Records
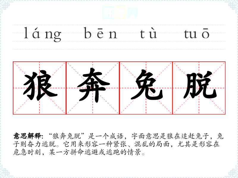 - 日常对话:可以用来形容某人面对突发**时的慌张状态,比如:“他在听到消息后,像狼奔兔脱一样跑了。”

--

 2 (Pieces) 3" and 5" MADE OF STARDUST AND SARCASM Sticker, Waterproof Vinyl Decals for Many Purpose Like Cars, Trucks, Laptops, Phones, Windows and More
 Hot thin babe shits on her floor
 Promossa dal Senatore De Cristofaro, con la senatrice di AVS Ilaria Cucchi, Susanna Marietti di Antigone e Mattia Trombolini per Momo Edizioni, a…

==

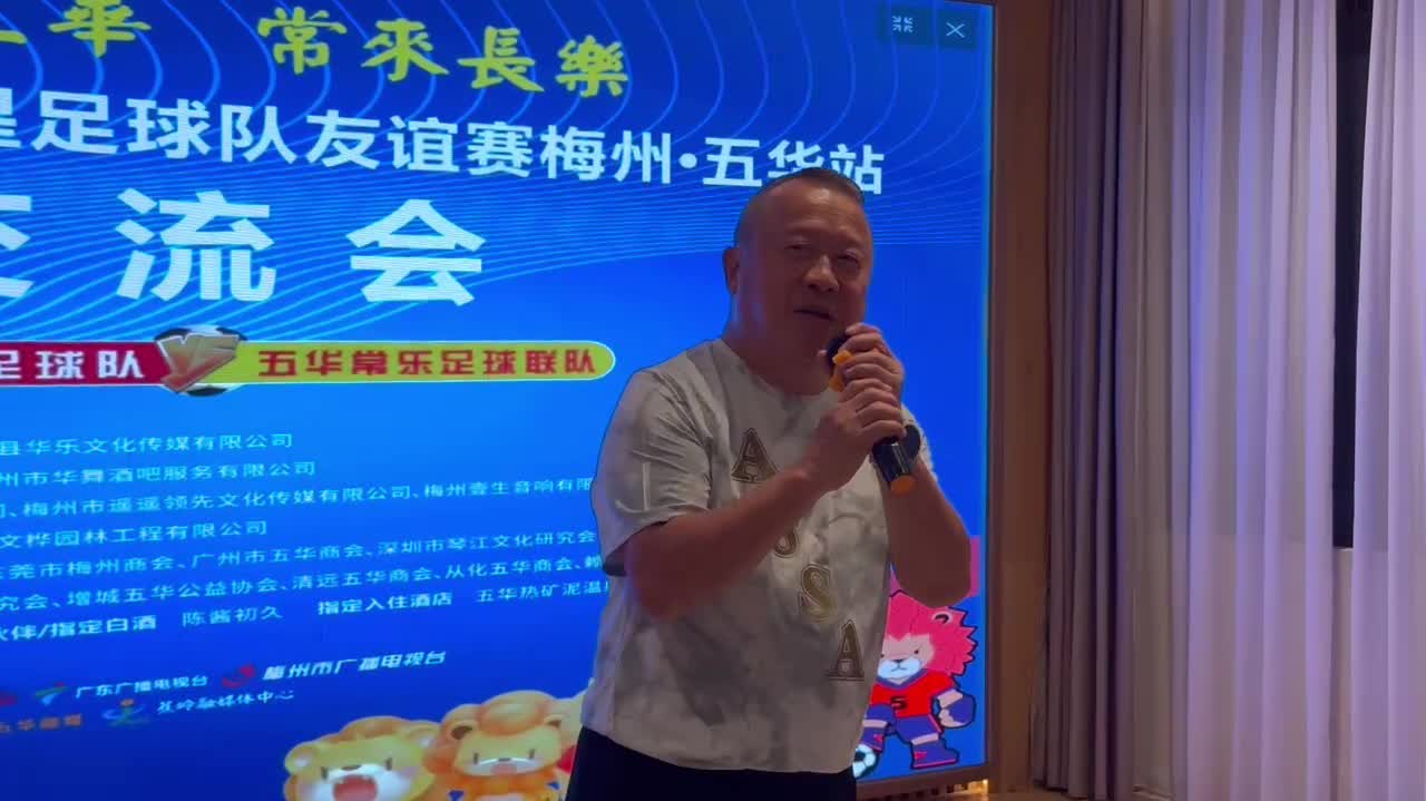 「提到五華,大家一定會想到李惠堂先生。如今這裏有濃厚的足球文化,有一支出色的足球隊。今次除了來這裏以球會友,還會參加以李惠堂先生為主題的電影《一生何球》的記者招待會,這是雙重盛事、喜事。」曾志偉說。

Aim of the exercise
The entries above hold the needed span. Transcribe exactly the lines from the one with "Hot thin babe shits on her floor" to the one with "Promossa dal Senatore", both included.

Written response
 Hot thin babe shits on her floor
 Promossa dal Senatore De Cristofaro, con la senatrice di AVS Ilaria Cucchi, Susanna Marietti di Antigone e Mattia Trombolini per Momo Edizioni, a…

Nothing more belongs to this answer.